Wanita dewasa itu terlihat lemas, ia tidak tahu harus berbuat apa untuk bisa menyelamatkan keponakannya. Namun, mendengar sang pembully adalah donatur tetap sekolah... ia tidak bisa berbuat apapun.

"Bagaimana dengan kedua adikmu?"

"Jangan ceritakan masalah ini pada mereka, terutama William." Ucap Geo, "tante bisa, kan menjaga rahasia ini? William akan mengacau jika tahu semuanya."

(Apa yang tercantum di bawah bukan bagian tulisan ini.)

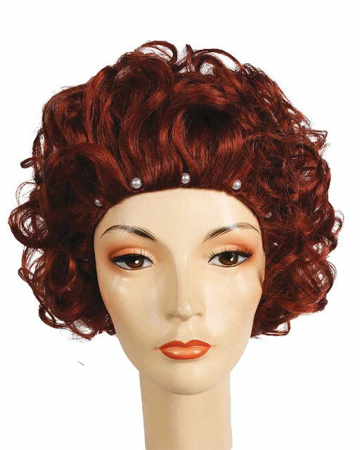 The Deluxe Elizabeth I is made with a high quality synthetic fiber and is a curly style with pearls that decorate the front. Deluxe Queen Elizabeth I England Lacey Costume Wig Tudor.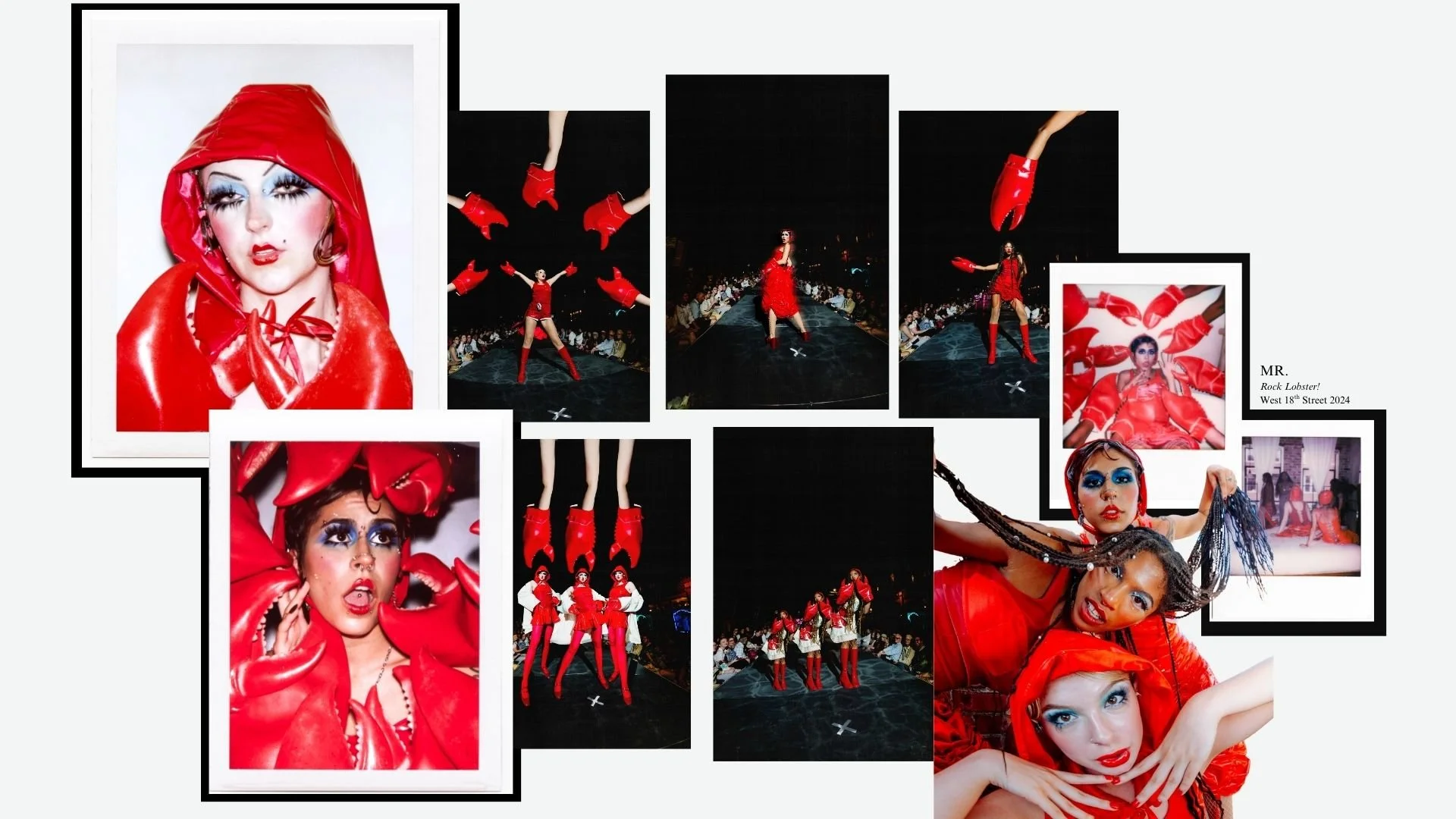 Collage featuring models in bold red outfits, with lobster claws. Images include close-up portraits and runway shots. Models have dramatic makeup, including blue eyeshadow. Background shows photos of collection from West 18th Street Fashion Show.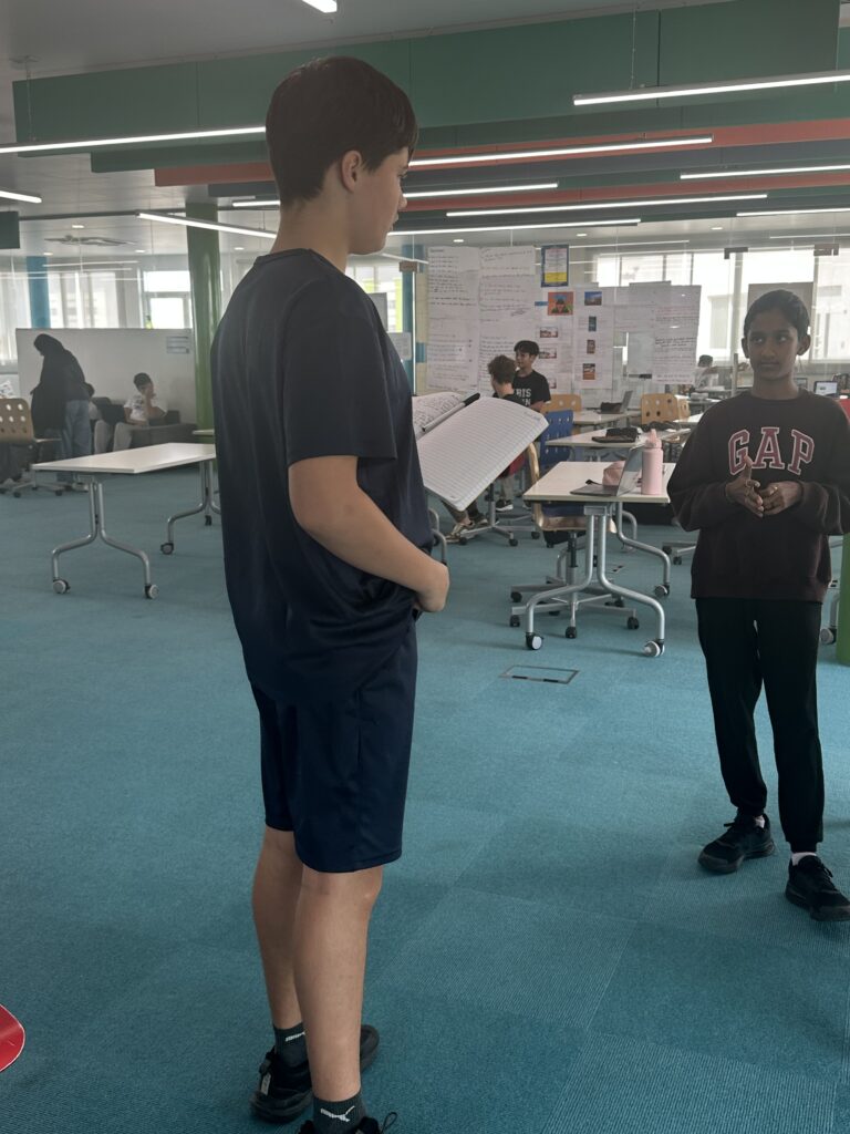 Grade 9 students are working on descriptive travel writing. They started by personifying a city and then they had to transform the description into an evocative monologue performance. It is not easy to stand up in front of one’s peers to perform and some students clearly felt uncomfortable. Yet, they all took on the challenge and delivered a monologue. Now, it is up to them to decide if they want to take the challenge even further and produce a monologue performance for their summative.
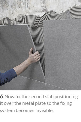 Before installation, we should confirm that the ground already has the installation conditions, then use equipment to make the horizontal line and the dividing line of construction. After the preparations have been made, place the proper amount of cement mortar (or special ceramic tile adhesive) on the ground and stick the panel to a fixed position on cement mortar (or special ceramic tile). At last, using a special cloth to cover surface to prevent pollution. The total solidify time is 2-3 days.

Bu Hana menunduk dengan terus meremas jari-jemari Geo untuk saling menguatkan satu sama lain, "tante akan usahakan."

"Terima kasih, tante."

"Ke mana kamu akan pindah?"

"Kota B. Bukankah jarak dari sini ke kota tersebut cukup dekat? Tante, William, Nathan, bahkan paman, bisa datang kapan saja."

Melihat Geo yang sudah memiliki rencana akan kepindahannya, wanita tersebut justru menangis. Itu berarti sang keponakan sudah memikirkannya jauh-jauh hari.

Ia merasa sangat buruk menjadi seorang tante dan orang tua bagi keponakannya.

"Tante janji, kan, mau bantu kepindahan Geo?"

Wanita itu hanya mengangguk, dirinya sudah sulit untuk berkata-kata.

"Geo berniat akan pindah seminggu atau 10 hari lagi. Besok, Geo akan cari-cari informasi sekolah di sana."

"Geo...apa kamu tidak sayang? Kamu sudah kelas 11, menjabat sebagai OSIS dan nilai-nilaimu juga bagus di sekolah itu –"

" –justru karena masih kelas 11 di awal semester, tidak masalah jika harus pindah." Geo memotong perkataan tantenya. Ia tidak ingin jika tante Hana terus menahannya.

Wanita tersebut menghela napas, ia sudah pasrah dan hanya mengangguk paham atas perkataan yang Geo lontarkan.

"Tante akan bantu cari sekolahan dan tempat tinggal kamu di sana nanti."

"Makasih, tante."

Tante Hana tersenyum, ia mengusap rambut keponakannya dengan perasaan yang campur aduk. Kini, ia bingung, bagaimana meghadapi anak sulungnya ketika mengabari kepindahan kakaknya ini.